A training job is in Failed state.

Cause Analysis and Solution

  • The error "MoxFileNotExistsException(resp, 'file or directory or bucket not found.')" is displayed in the training logs.
    • Cause: The train_data_obs directory is not found when MoXing copies files.
    • Solution: Correct the address of the train_data_obs directory and restart the training job.

      Do not delete any objects from the OBS directory while MoXing is downloading them. This will cause the download to fail.

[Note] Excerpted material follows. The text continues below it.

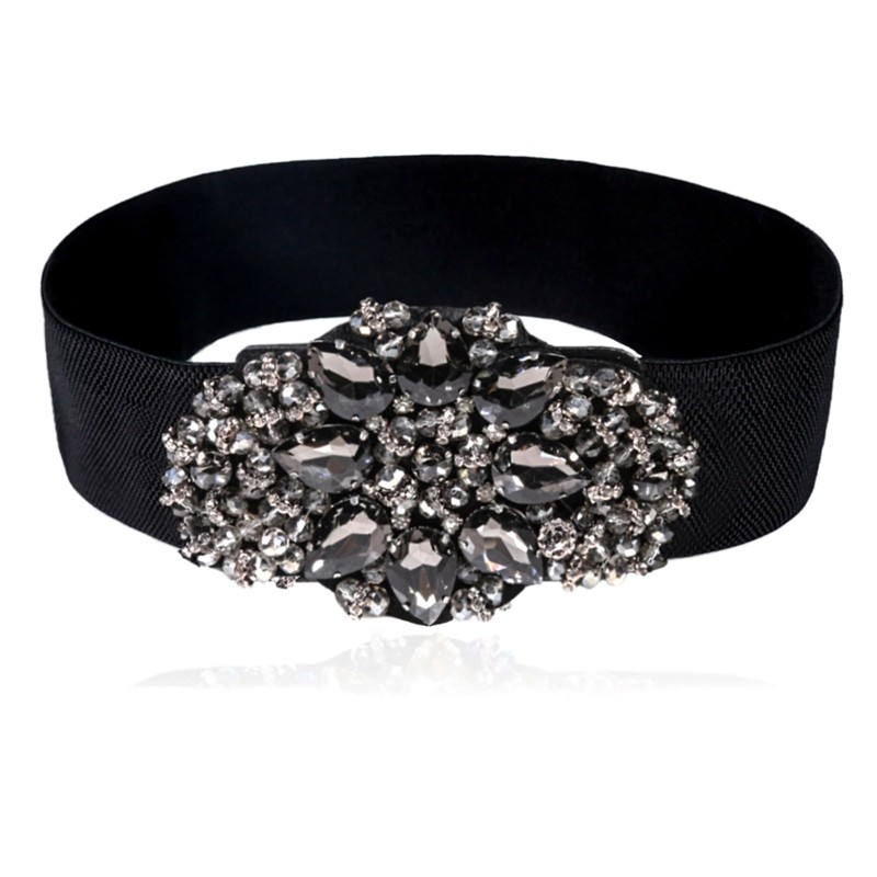 Dorchid Women's Sparkly Beaded Belt Big Rhinestone Belts Wide Elastic Stretchy Belt for Dressy Gowns Black XL-3XL(36~43")
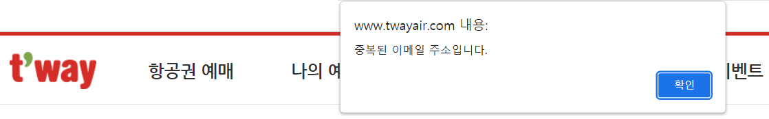 회원가입을 해보니 "중복된 이메일"로 나오네요?

  • The error CUDA capability sm_80 is not compatible with the current PyTorch installation.The current PyTorch install supports CUDA capabilities sm_37 sm_50 sm_60 sm_70' is displayed in the training logs.
    • Cause: The CUDA version of the image used by the training job supports only the sm_37, sm_50, sm_60, and sm_70 accelerator cards. The sm_80 accelerator card is not supported.
    • Solution: Use a custom image to create a training job and install the target CUDA and PyTorch versions.
  • The error "ERROR:root:label_map.pbtxt cannot be found. It will take a long time to open every annotation files to generate a tmp label_map.pbtxt." is displayed in the training logs.
    • If you use an algorithm that you subscribed to from AI Gallery, make sure the data label is accurate.
    • If you use an object detection algorithm, make sure the label box of the data is non-rectangular.

      Object detection algorithms support only rectangular label boxes.

  • The error "RuntimeError: The server socket has failed to listen on any local network address. The server socket has failed to bind to [::]:29500 (errno: 98 - Address already in use). The server socket has failed to bind to 0.0.0.0:29500 (errno: 98 - Address already in use)." is displayed in the training logs.
    • Cause: The port number of the training job is not unique.
    • Solution: Change the port number in the code and restart the training job.
  • The error "WARNING: root: Retry=7, Wait=0.4, Times tamp=1697620658.6282516" is displayed in the training logs.
    • Cause: The MoXing version is too old.
    • Solution: Contact technical support engineers to upgrade MoXing to 2.1.6 or later.